The App Store gets a fresh new look
Apple is also completely redesigning the App Store for the first time since it launched. The new UI starts you off in a ‘Today’ tab that makes it easier to discover new apps (there are also dedicated tabs for games, apps and updates) . Meanwhile product pages for individual apps have been refined to highlight the most important details, and can now localize videos and screenshots to different regions.
iOS gets a proper file management app
One of the biggest pieces of news arrived shortly before the event: iOS finally has an honest-to-goodness Files app. Previously, you would need to jailbreak your iPhone if you wanted any sort of proper file management.
The app works as you’d expect , allowing you to access nested folders, recent files, search, and your choice of grid or list views. It’s also integrated with cloud services like iCloud, Google Drive, Box, and DropBox.
The iPad becomes a lot more like a MacBook
iPad users are getting a few nifty extras. Most notably, Apple’s Dock at the bottom of your screen is finally becoming useful – and a lot more like macOS. You can now include as many apps as you’d like in the Dock, and access it within any app by swiping from the bottom of your screen. It even uses AI to predict which apps you want to open next.
Moreover, you can finally drag and drop in iOS. You can drag an app from the Dock to the side of your screen to open it in slide-over mode. You can then drag and drop text and content in between apps.
People who try to get real work done on an iPad will also appreciate that the recent apps view now conserves your various split-screen workspaces. That means you can switch between apps and still maintain your multi-tasking setups.
Meanwhile, Apple has improved support for the Apple Pencil, taking a page from Microsoft’s Surface and adding annotation features to PDFs, Notes and the Mail app. You can even start drawing instantly by tapping the Apple Pencil on the display right from your lock screen.
Apple is finally paying attention to AR
Pretty much every major tech company has invested in AR or VR, which made Apple the conspicuous omission. That’s no longer the case: Apple today introduced ARKit to make it easy for developers to integrate AR experiences to iOS devices using the built-in camera and sensors.

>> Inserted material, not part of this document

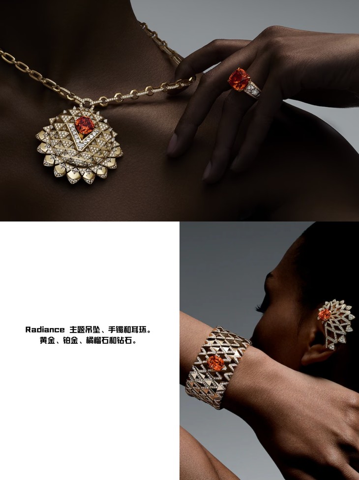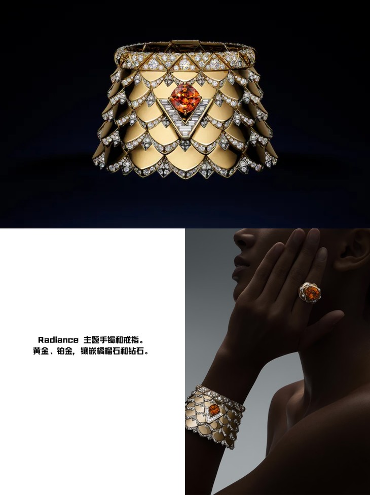 💍 Radiance手镯和戒指,黄金、铂金的奢华材质,镶嵌橘榴石和钻石,每一处细节都透露着品牌对完美的追求。戴上它,你就是那最耀眼的存在!✨

Listening to FLAC files just got much easier
FLAC is one of the most popular audio formats among audiophiles, and iOS 11 lets Apple’s devices play the filetype natively. You could previously use third party apps to do so, but a native solution is always appreciated.
QR Codes become cool again
The camera app now comes with a built-in QR code reader. Just point the camera at a QR code and you’ll see a pop-up toast with the information or link contained in the code. I wouldn’t be surprised to see a small resurgence in QR codes over the next few years.
Edit your screenshots
Another handy feature is the ability to animate and edit screenshots.

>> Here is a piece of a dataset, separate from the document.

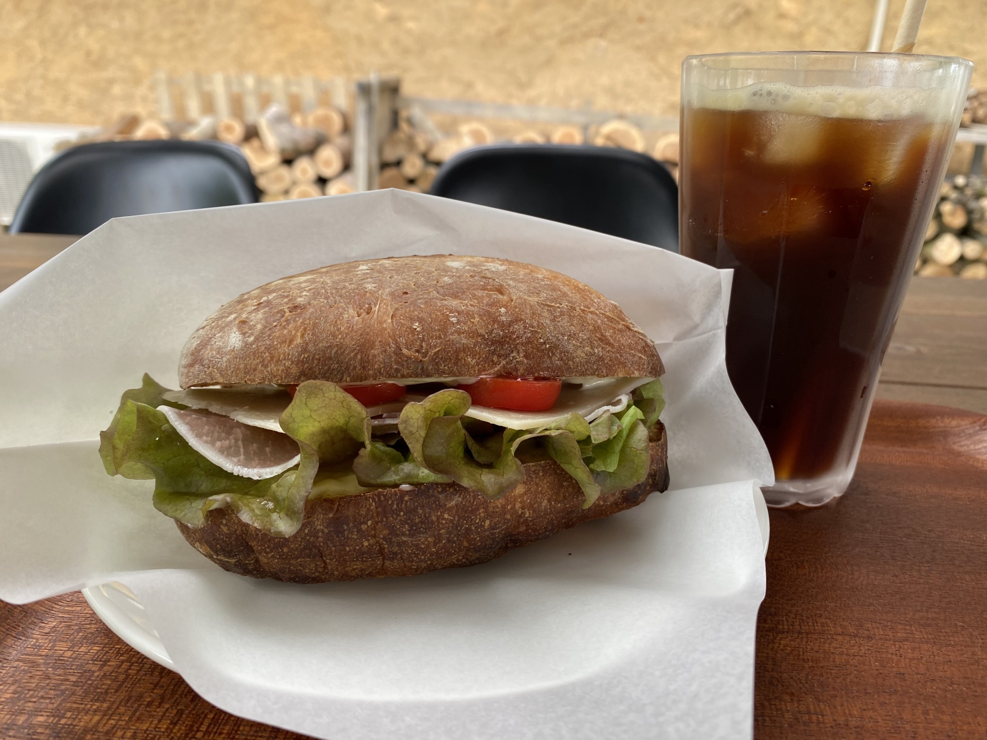 チャバタサンドです。生ハムとクリームチーズです。

Once you grab a screenshot, you’ll have the option to edit the image before saving it. Among other things, the new functionality lets you edit out undesired areas in your screenshots or add various visual markers for improved visibility. Check it out in action:
Play animated GIFs
For many netizens, GIFs are a way of life, but you previously had to rely on third party apps to play them back on an iPhone. Fret no more, as the Photos app now natively supports everyone favorite outdated animated image format.

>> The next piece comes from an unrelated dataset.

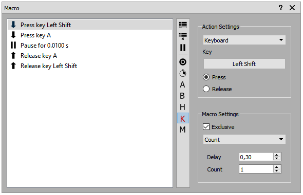 jokerBR Posted April 4, 2018 Author Posted April 4, 2018 (edited) Hi Sokol. Sure! Of course the point is not to use this with autopilot, I completely agree that this is not what a true sim is about. My plan is to use those extra switches on my panel to operate CEM and weaponry (bombing setup, etc), using way more "complicated" combos, including timing and several functions "in-a-row" for every switch, but as I found out, autopilot and level flight were two "simple and similar commands" that were showing problems, with the added bonus that they are quick to test (just start the sim and engage to "see" the result). Also, my motto is "if you want to test something to be "bullet proof", start attacking were it is flawed". After figuring out how to solve this one, I would consequently have the knowledge to solve all others. Also, the point was to solve the problem once and for all, not to find a shortcut by changing the original commands (i.e., avoiding using L or R shift/control keys, etc). I ended up solving the problem using Joystick Gremlin (thanks to you). After contacting WhiteMagic (Joystick Gremlin's dev), he pointed out how to do it and I figured out the rest Basically, I had to use macros to mimic the keypresses instead of simply "mapping" the key combo to a switch ( I found out that the timing options like the pause between key press and release and also Macro Count = 1 with 0,30 delay are *very* important when sending commands to BoX/RoF): and for condition just use "Actions" for press and release: My USB controller is "tailor made" for this panel, developed and built by the same guy that made all the cutting and mounting, João Augusto Casa (or JACSim). You surely wont find it on the broad market. He builds complete sets to emulate full size 737 cabins (occupying a small room), with *all* digital screens, switches, gauges, lights, alarms, buttons, etc working - just like real life). One of his cabin sets is at a local flight school, and some flight companies even use them to re-check pilots from time to time! Few days ago I told him that you were helping me and asked if he knew you (as I understand, you're a Brazilian too, right?), but unfortunately he didn't. Our small niche of "hardcore aviation enthusiasts" isn't so small after all... Cheers. Edited April 4, 2018 by jokerBR Trying to delete double image post. Unsuccessful.

Of course, you have live photos, but who actually uses those?
Capture your screen
Apple made tech reporters’ lives much easier with a new screen capture tool, which is exactly what it sounds like. Rather than just taking screenshots, you can now record video of what you’re doing on your iPhone.
The feature is dead simple to activate – simply enable the recording button in the Control Center settings, and then tap the big red circle from within the panel.
iOS 11 is available in public beta form now, and will launch widely sometime in the fall.